Столики между тем пустели; неподалеку от них стоял официант — Шарль понял намек и полез за кошельком; Леон схватил его за руку, расплатился и оставил официанту на чай две серебряные монетки, нарочно громко звякнув ими о мраморную доску стола.
— Мне, право, неловко, что вы за нас… — пробормотал Шарль.
Леон остановил его радушно-пренебрежительным жестом и взялся за шляпу.
— Итак, решено: завтра в шесть?
Шарль снова начал уверять, что ему-то никак нельзя, а вот Эмма вполне может…
— Дело в том, что… — запинаясь, проговорила она с какой-то странной усмешкой, — я сама еще не знаю…
— Ну, ладно, у тебя есть время подумать, там посмотрим, утро вечера мудренее, — рассудил Шарль и обратился к Леону, который пошел их провожать: — Ну, вы теперь опять в наших краях, — надеюсь, будете приезжать к нам обедать.
Молодой человек охотно согласился, тем более что ему все равно надо было съездить в Ионвиль по делам конторы.

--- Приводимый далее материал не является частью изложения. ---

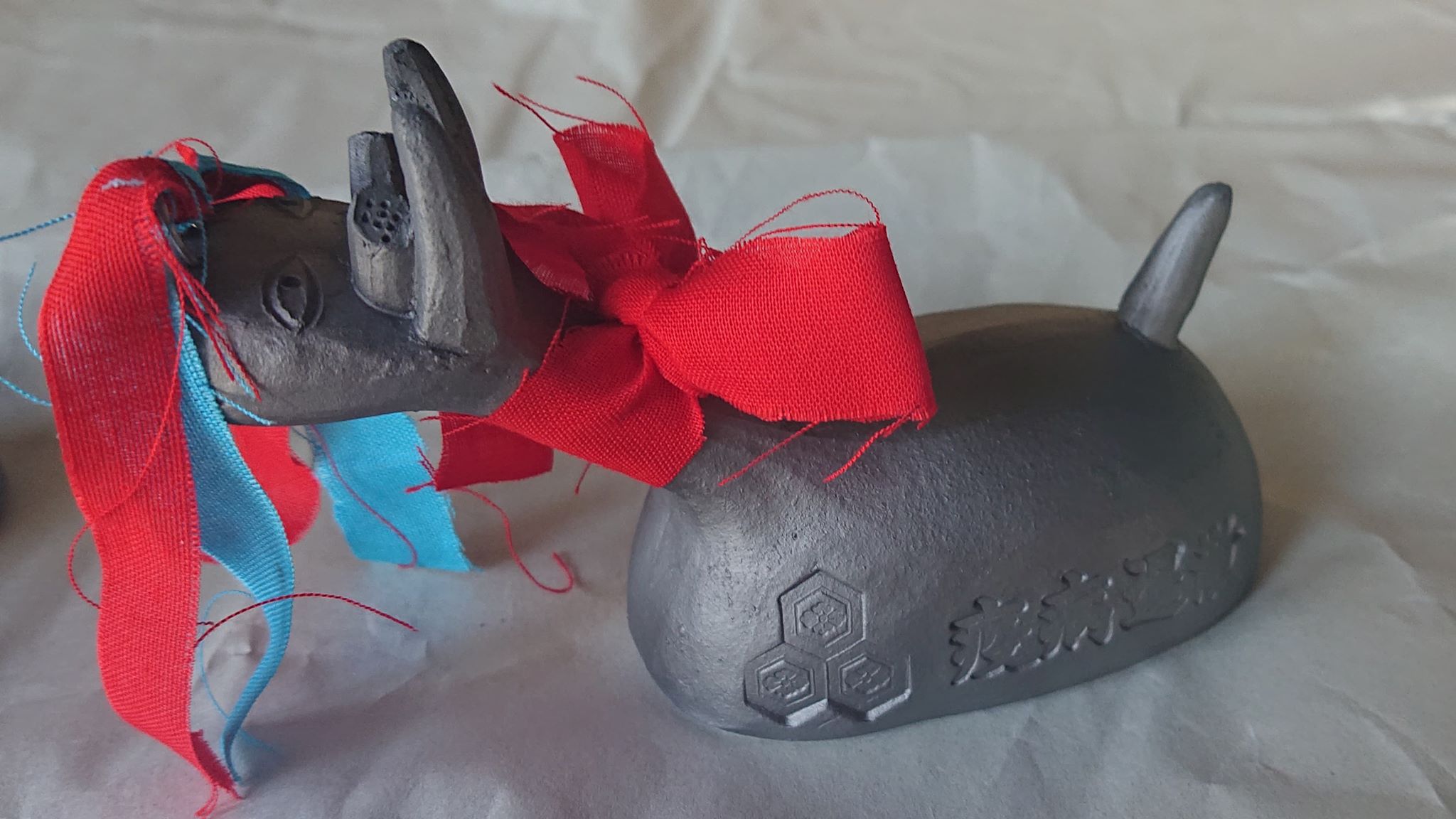 菊間町では少なくとも200年以上の歴史があり、毎年10月の菊間祭において疫病退散祈願をしながら町内を練り歩く牛鬼を菊間瓦で再現致しました。

Распрощался он с г-ном и г-жой Бовари у пассажа «Сент-Эрблан», как раз когда на соборных часах пробило половину двенадцатого.
ЧАСТЬ ТРЕТЬЯ
1
Леон, изучая право, довольно часто заглядывал в «Хижину»{59} и даже пользовался большим успехом у гризеток, находивших, что он «очень мило себя держит». Самый приличный из всех студентов, он стриг волосы не слишком длинно и не слишком коротко, не проедал первого числа деньги, присланные на три месяца, и был в хороших отношениях с профессорами. Излишеств он себе не позволял по своему малодушию и из осторожности.
Когда Леон занимался днем у себя в комнате или вечером под липами Люксембургского сада, на память ему приходила Эмма, он задумывался и ронял Свод законов. Но мало-помалу его чувство к ней ослабело, на него наслоились иные желания, хотя и не совсем заглушили его. Леон еще не утратил надежду; неясное предчувствие манило его из далей будущего, точно золотой плод, качающийся на ветке сказочного дерева.